Here is the top of the report:
At the very top is a percentage value called the Similarity Index. This is the total amount of overlap that the iThenticate software found.
Next comes the text of the checked manuscript. Overlapping phrases are highlighted in color and put in a separate box, like the affiliation listing above. Note that the color of the source, listed at the end of the report, matches the color of the overlapping text, and the number is the small box to the right gives the number of the source in the ranking list. Assuming you haven’t moved, affiliations should be the same from paper to paper, but iThenticate will probably flag it as identical text. If an affiliation is marked for overlap then we simply ignore that and we mentally discount it from the total.
The iThenticate software is usually good about removing the reference from its check. That text should be identical from paper to paper, of course, and only very rarely is this section mistakenly included in a check. If the Reference list is left in, then those overlaps are also discounted from the total. However, iThenticate usually highlights citation callouts as similar to previous papers.
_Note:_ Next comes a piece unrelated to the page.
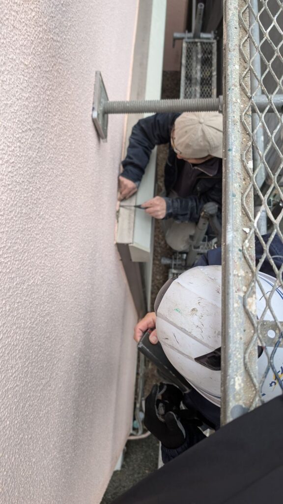 塗装前に雨漏りの原因を探す蘓武さん、遠藤さん。。。

Here’s an example:
This is unavoidable and every paper will have many of its citations highlighted as duplicative text that’s identical to that found in a previous paper. We don’t worry about these overlaps, either, and neither should you. Remember, not only are citations/references not counted against you in this Similarity Report but also they no longer count against the Publication Unit tally (formerly the page count total) and therefore do not add to the publication cost. So, please cite all of the papers that you feel are necessary to put your new study into proper historical perspective.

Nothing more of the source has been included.